秋口はやはり青物だろう。「ブリ」が代表格だが、この時期の海中にはアジ・サバ類、カツオ類、カンパチ、サワラなどの青物も数多く潜んでおり、運よくヒットすればそれなりのエキサイティングなやりとりが楽しめる。ブリにも勝るおいしい魚も多いので、とにかくがむしゃらに投げてみよう。
磯ではフカセ釣りや遠投カゴ釣りで秋グロが釣れるようになる。季節が進み寒が入るようになると、抱卵が始まり、やがてメタボな「寒グロ」となる。近年人気の「スマ」は南薩ではルアーかサーフトローリングで狙う。スマはマグロ系に属し実にうまい。ヒラメはベイトが集まるサラシ周辺をジグやワームを入念に漂わせる。なお、放流ヒラメは裏側の白い面に茶や黒の文様がありこれを「パンダヒラメ」と呼ぶ。

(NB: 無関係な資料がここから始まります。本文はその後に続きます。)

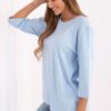 Casual women’s blouse with a smooth pattern is a universal proposition for everyday stylizations. Made of pleasant to the touch material, it ensures comfort throughout the day. The model of standard length with 3/4 sleeves and a classic round neckline combines simplicity with comfort, making it ideal for casual combinations with both trousers and skirts.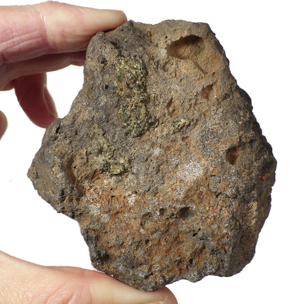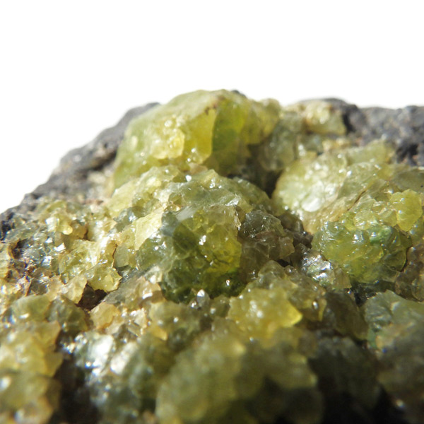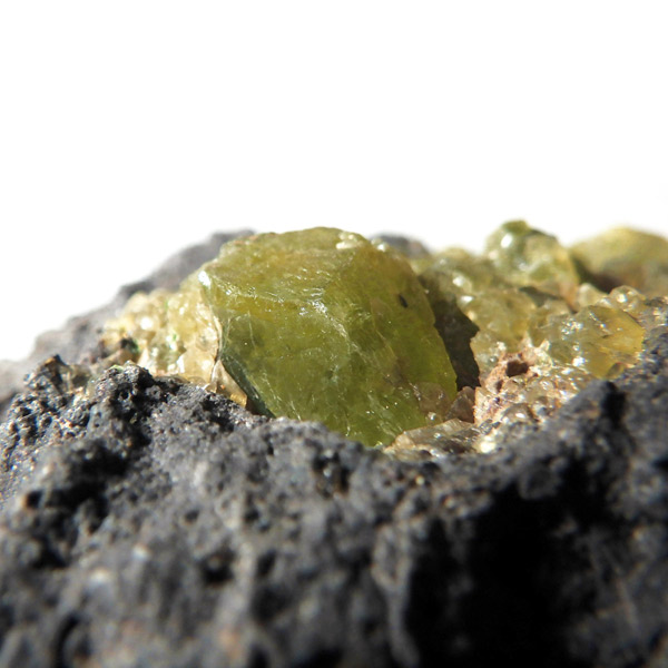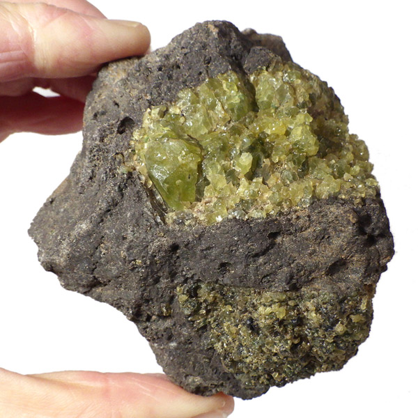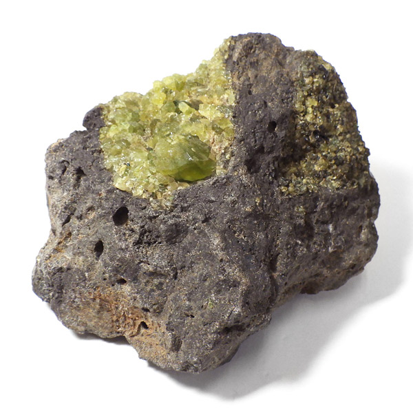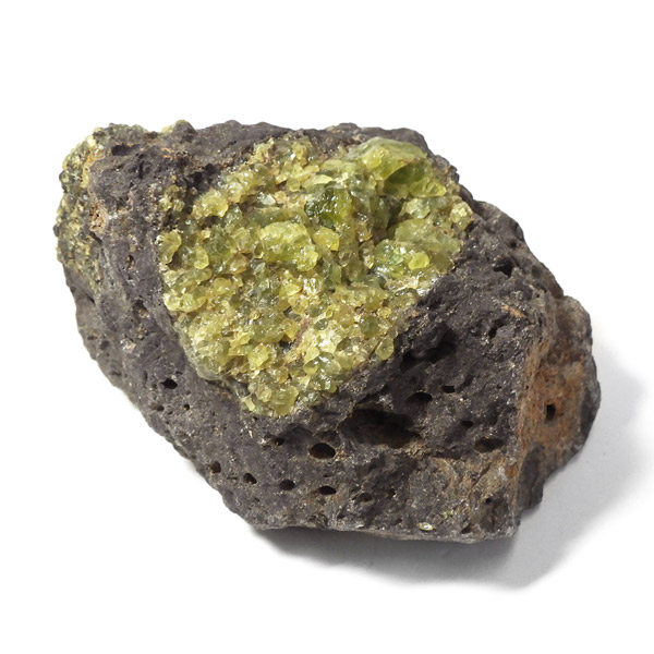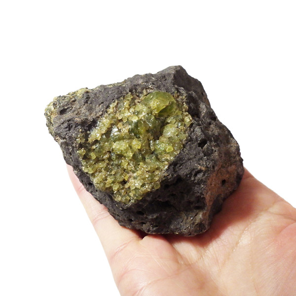 アメリカ・アリゾナ州産のペリドット母岩付き原石です。鉱物名をオリビンと呼ぶのですが、日本では宝石名のペリドットが浸透しています。和名は橄欖(かんらん)石といいます。主にグリーンの結晶がかんらん石でグレーの母岩が玄武岩です。かんらん石は月の岩石や石質隕石、石鉄隕石にも含まれており、鉄の含有量によって、白色から黒色まで色調が変化します。かんらん石は地球の上部マントルの主要構成鉱物でマグマの噴火によって溶岩の塊に運ばれて地表に出てきます。まさにその姿を切り取ったようなこの原石は、様々な濃淡の結晶が多面にわたり観察できます。

さて、昨今の温暖化による釣り環境の変化は著しく、誰に聞いても「釣れなくなった」と答える。「釣れない釣り」には魅力がないので釣り人が海から遠のく。年々釣り人が減少しているような気がする。しかし、全く打つ手がないわけでもない。今ならまだ何とかなる。夕飯メニューの一品ぐらいは釣ろう。以下は私の最近の釣行スタイルだが、これまで大きな失敗はないので参考になれば良い。
まず、「朝マズメ」「夕マズメ」は信じがたい。自分自身が「イケル」と感じた時が「時合い」なのである。さらに満潮前後よりも干潮前後の方がヒット率が高い。砂浜で遠投フカセ釣りをやってみるのも面白い。過去の実績釣り場に固執せず、自ら未踏の釣り場を開拓する。
このように「発想の転換」が必要な時なのでは。大切なことは旧態依然の釣りから脱却しポジティブに自身のオリジナリティーとセンスを磨くことだ。